My day hung in the balance of my husband’s boss paying him back for business expenses he’d fronted. The boss seems nice enough, but he’s a rich kid who does not understand why people might not want to front the costs of his business from their personal bank accounts, and who also doesn’t get why having to wait to be reimbursed for those expenses would ever be a big deal. My husband kept not texting me back about the likelihood of that money coming in.
A couple hours later we figured out a way for him to withdraw cash on the way home, so that by the time my son’s friend’s mom dropped him off we could give her money.
Around noon I realized that I’d forgotten to feed the dogs, who were lying patiently next to their bowls. Actually it was the younger one who told me, “Mom, I think the dogs need some food.” He likes to help, adding tiny toddler handfuls of kibble to their bowls.

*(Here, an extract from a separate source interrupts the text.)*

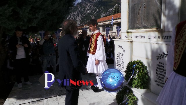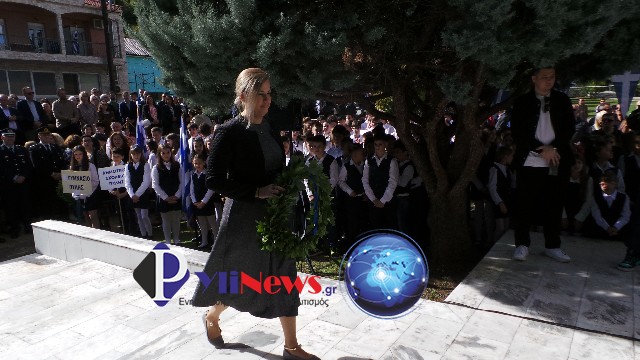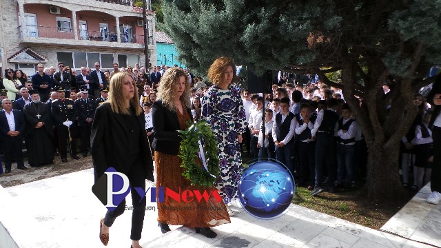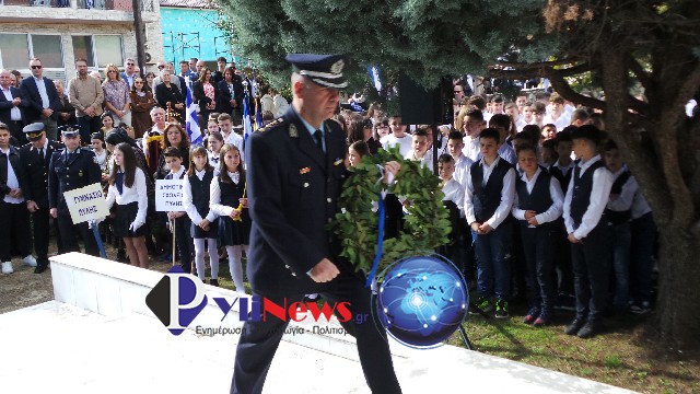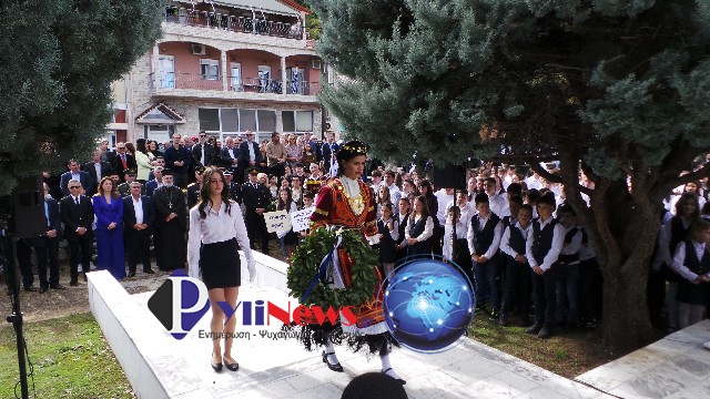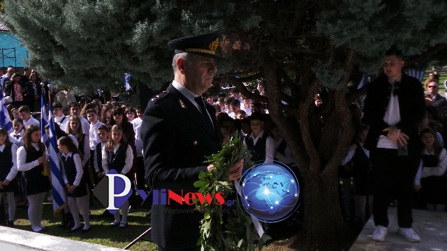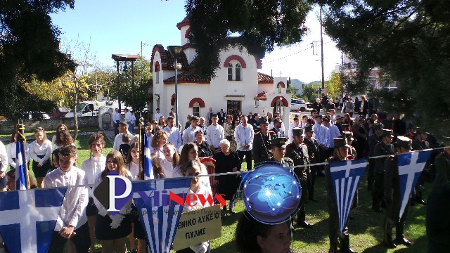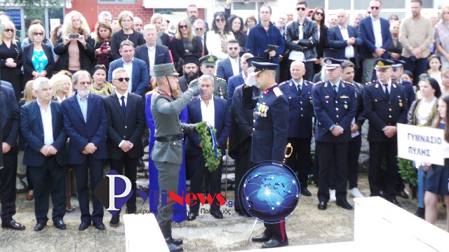 Κατόπιν έγινε μετάβαση στο Μνημείο Ηρώων, στον αύλειο χώρο του ΕΠΑΛ Πύλης, όπου υπό του Αρχιερατικού Επιτρόπου Πύλης π. Δημ. Κατσαρού, ετελέσθη επιμνημόσυνη δέηση, ενώ πραγματοποιήθηκε κατάθεση στεφάνων από τις Αρχές και τους Φορείς της πόλης, τήρηση ενός λεπτού σιγής & η ανάκρουση του Εθνικού Ύμνου, που εκφωνήθηκε από τους σπουδαστές του αγήματος της ΣΜΥ.

I had to break it to the six-year-old that I didn’t have my phone so we couldn’t join worlds. I made up for it with more YouTube and chocolate cake and hugs. Just before it was time to leave for bowling, the two-year-old fell asleep on the couch with no pants. I tried to gracefully take him from the couch to the car but accidentally hit his head with my purse and woke him up, so he cried for the first ten minutes of the trip.

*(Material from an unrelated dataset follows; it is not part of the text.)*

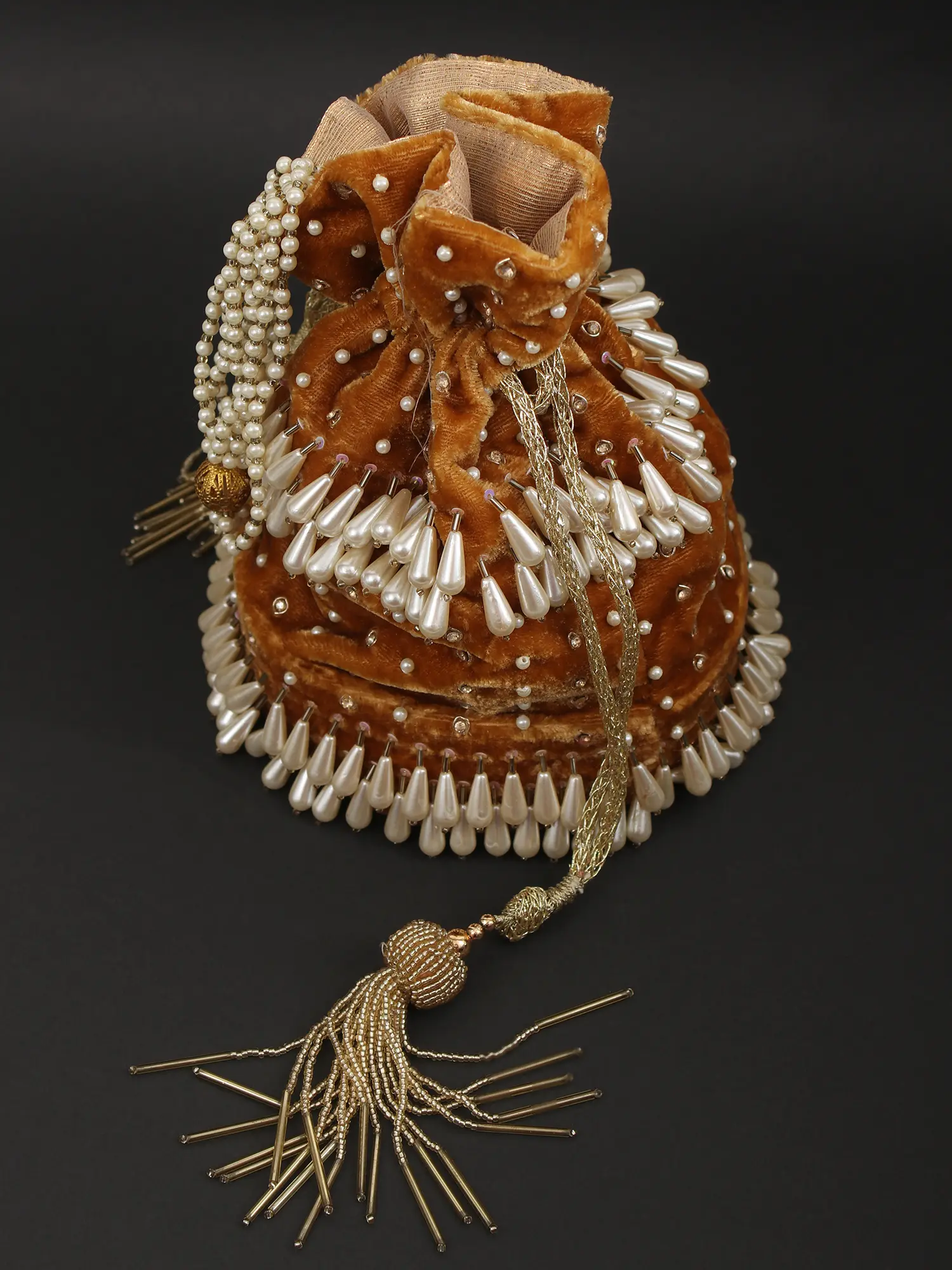 This Potli Bag is a mesmerising blend of tradition and contemporary finesse. Crafted from sumptuous velvet, it whispers tales of opulence and grace. Adorned with Beads embroidery, delicate Faux Pearls, and the melodious charm of Ghungroo Bells, this potli bag becomes a symphony of sophistication and splendour.

On the way, I remembered a “life hack”: for some reason 7-11 ATMs will totally let you withdraw cash when your bank account is overdrawn (related: drive-through bank ATMs will usually let you deposit checks that you’ve already mobile deposited, which is technically fraud but I like to think of it as a “loan”). So we stopped at the 7-11 in Incline Village, a town so loaded with billionaires it’s sorta hard to believe they even have a 7-11, and I withdrew $40. Then I took the older kid to his pal’s French lesson. I had to leave the little one in the car, which is a tricky situation in a snowy town because I needed to leave it running, with the heat on, which meant I couldn’t lock it, and also I didn’t want to roll the windows down too much because he was still naked from the waist down. So, as I was trying to find this place and not fall on the ice or let the six-year-old fall, I was worried that either some perv would drive off in my car with my half-naked toddler in the back, or some uptight rich lady would call child protective services on me. Neither happened, we just drove home fast so I could squeeze in an hour’s worth of work while the little one ate chocolate cake and the dog licked his butt.